SOURCE RECORDS:
────────────────────
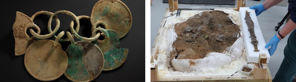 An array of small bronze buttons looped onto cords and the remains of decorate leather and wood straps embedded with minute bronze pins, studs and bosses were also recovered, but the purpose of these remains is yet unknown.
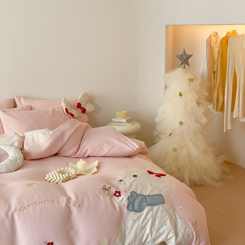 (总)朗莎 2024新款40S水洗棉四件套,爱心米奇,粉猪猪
────────────────────
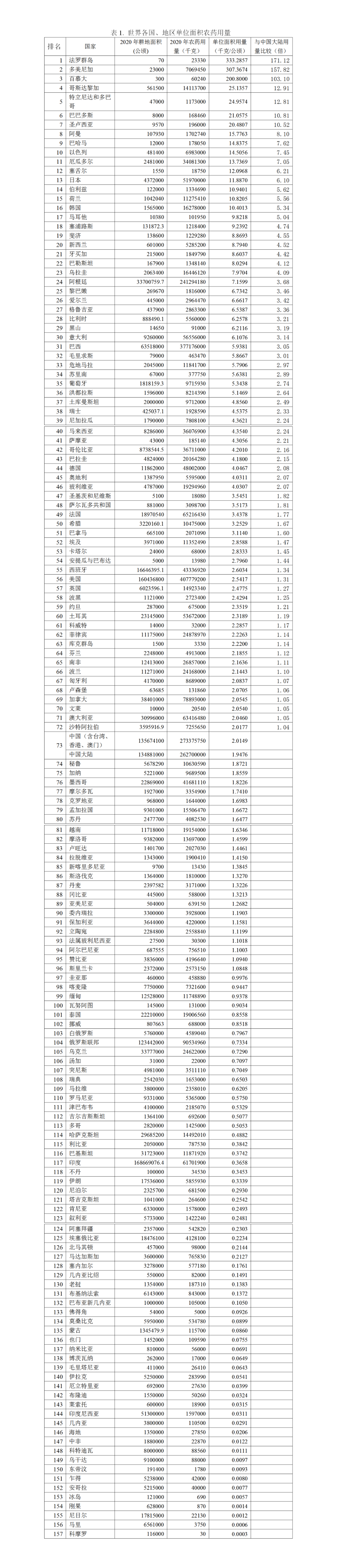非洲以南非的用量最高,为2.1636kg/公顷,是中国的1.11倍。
────────────────────
DIRECTIONS FOR THIS TASK: Skipping every picture, transcribe exactly the lines above from the one containing "An array of" through the one containing "(总)朗莎 2024新款40S水洗棉四件套,爱心米奇,粉猪猪", both included.

PROBLEM SOLUTION:
 An array of small bronze buttons looped onto cords and the remains of decorate leather and wood straps embedded with minute bronze pins, studs and bosses were also recovered, but the purpose of these remains is yet unknown.
 (总)朗莎 2024新款40S水洗棉四件套,爱心米奇,粉猪猪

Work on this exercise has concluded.